As part of her qualification task, Katja Malvoni has ported our implementation of bcrypt password hashing to Epiphany, using one core for now. The code passes validation per a test vector. During the summer, Katja is to work on getting this bcrypt implementation to run on all Epiphany cores and with greater efficiency, and having it integrated with John the Ripper password cracker. Further, she may also work on making use of the Xilinx Zynq FPGA fabric to achieve (much) greater combined performance at bcrypt. (Did you know that it’s trivial to reprogram the FPGA on ZedBoard / Parallella board from a running Linux system, in only 85 ms? This should enable us to use specialized FPGA bitstreams for different JtR formats.)
The other student accepted for Parallella related tasks is Rafael Waldo Delgado Doblas, also known as lordrafa. Rafael’s tasks include addition of scrypt support to John the Ripper using host CPU, experimenting with scrypt time-memory tradeoff, and then implementing scrypt cracking on Epiphany making use of the tradeoff (to fit in each Epiphany core’s 32 KB of local memory regardless of scrypt’s actual settings).

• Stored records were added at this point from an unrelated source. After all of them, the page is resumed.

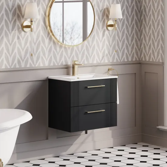 Nuie Deco 600mm Soft Black Wall Hung 2-Drawer Vanity Unit With Thin-Edge Basin
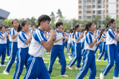 华东师范大学澄迈实验中学的孩子们迎着朝阳,用最抖擞的精神,最有力的动作向青春展示风姿。卓越属于你们,未来等待你们。
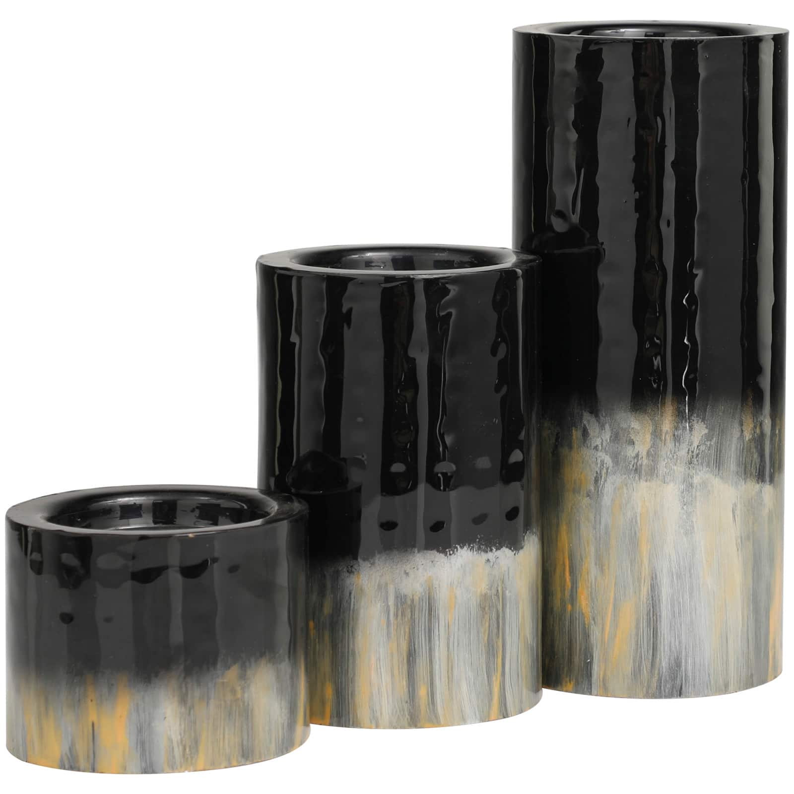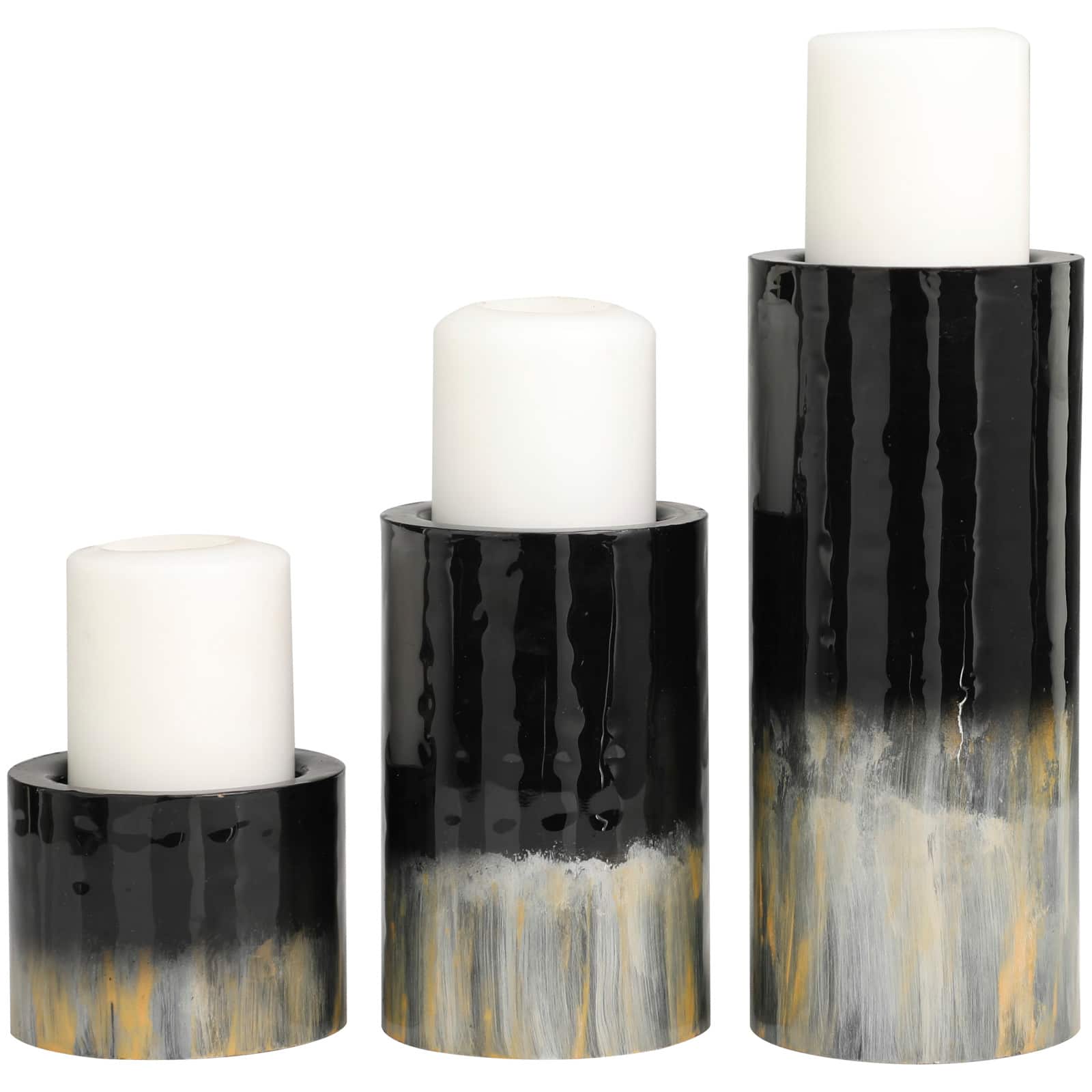 Black Metal Colorblock Candle Holder with Gold and Silver Streaks Set
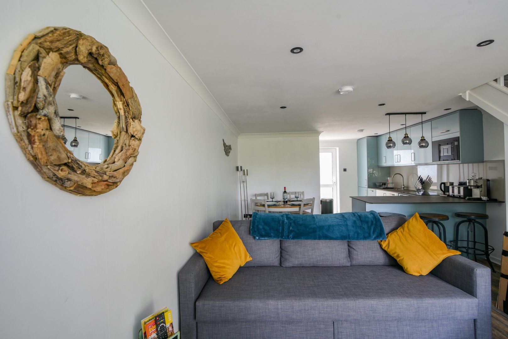 Two bedrooms: 1 x king-size, 1 x twin. Bathroom with bath, shower over, basin and WC. Ground-floor shower room with walk-in shower, basin, and WC. Open-plan living space with kitchen, dining area and sitting area with double sofa bed

Considering that scrypt on Epiphany makes little sense except at very low memory settings (where having to use the tradeoff doesn’t result in too much of a slowdown), the likely next task for Rafael is to implement Litecoin mining on Epiphany. Luckily (for this task), Litecoin uses scrypt at as low as 128 KB, which translates into only a ~2x expected slowdown when we reduce the memory needs to below 32 KB.
A further task potentially available to either student, if time permits – or to a non-GSoC contributor (please feel free to contact us if interested!) – is implementation of traditional DES-based crypt(3) aka descrypt cracking on both chips (Epiphany and Zynq). So far, we have descrypt cracking on Zynq’s two ARM cores, making use of NEON SIMD extensions and of both ARM cores at once (with OpenMP), but indeed that’s still only making use of a small fraction of the board’s processing power.
We’re looking forward to working with our GSoC students and with anyone else interested.